Kimi-VL-A3B-Instruct
Property | Value |
---|---|
Total Parameters | 16B |
Activated Parameters | 2.8B |
Context Length | 128K tokens |
Model Type | Vision-Language Model (MoE) |
Paper | arXiv:2504.07491 |
Model Hub | Hugging Face |
What is Kimi-VL-A3B-Instruct?
Kimi-VL-A3B-Instruct is an efficient Mixture-of-Experts (MoE) vision-language model that revolutionizes multimodal AI by offering advanced capabilities while activating only 2.8B parameters. Built with a native-resolution visual encoder (MoonViT) and sophisticated MLP projector, it achieves state-of-the-art performance across various challenging tasks while maintaining computational efficiency.
Implementation Details
The model architecture combines an MoE language model with MoonViT visual encoder, enabling efficient processing of high-resolution images and extended context lengths. It operates with a total of 16B parameters but actively uses only 2.8B during inference, making it highly efficient for deployment.

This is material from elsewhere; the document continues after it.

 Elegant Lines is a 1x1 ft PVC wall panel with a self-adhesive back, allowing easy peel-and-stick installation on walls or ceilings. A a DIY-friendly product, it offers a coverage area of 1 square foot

- Extended 128K context window for processing long inputs
- Native-resolution vision processing capability
- Recommended temperature setting of 0.2 for optimal performance
- Supports multiple input types including images, videos, and documents
Core Capabilities
- Strong performance in college-level comprehension tasks (57.0 on MMMU-Val)
- Superior OCR capabilities (83.2 on InfoVQA, 867 on OCRBench)

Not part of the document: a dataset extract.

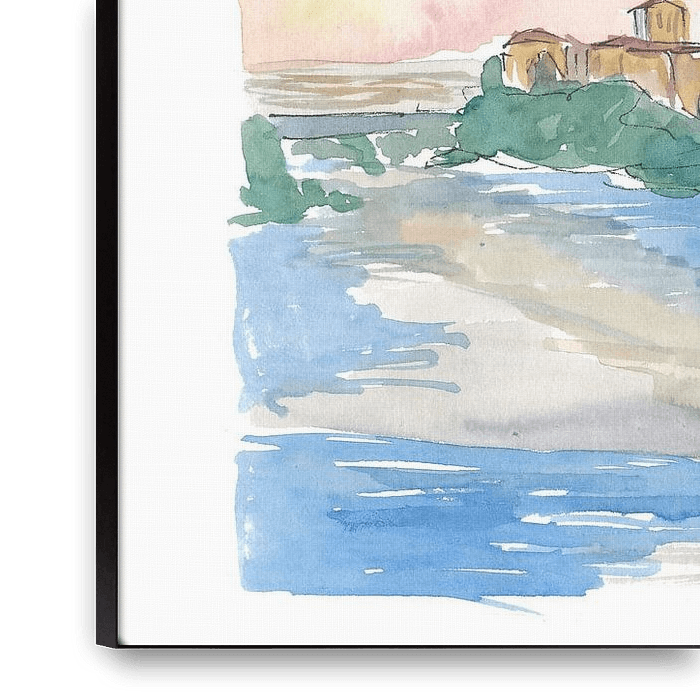 Bestelle diese Malerei Ventimiglia Ligurien Italien Panorama mit Fluss Roia von Markus Bleichner als Reproduktion auf Leinwand, Alu-Dibond, als Poster, Fototapete oder Acrylglasbild.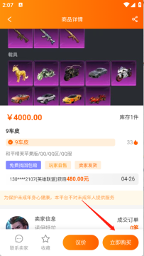 4、点击喜欢的游戏账号之后点击“立即购买”即可。

- Excellent agent interaction performance (92.8 on ScreenSpot-V2)
- Advanced video understanding (64.5 on LongVideoBench)
- Robust multi-image processing and mathematical reasoning
Frequently Asked Questions
Q: What makes this model unique?
Its MoE architecture allows for impressive performance while activating only 2.8B parameters, making it highly efficient compared to dense models. The native-resolution vision encoder and extended context window set it apart in handling complex visual and textual inputs.
Q: What are the recommended use cases?
The model excels in general multimodal perception, OCR, long video and document processing, and agent-based tasks. It's particularly well-suited for applications requiring efficient processing of high-resolution visual inputs and extended context understanding.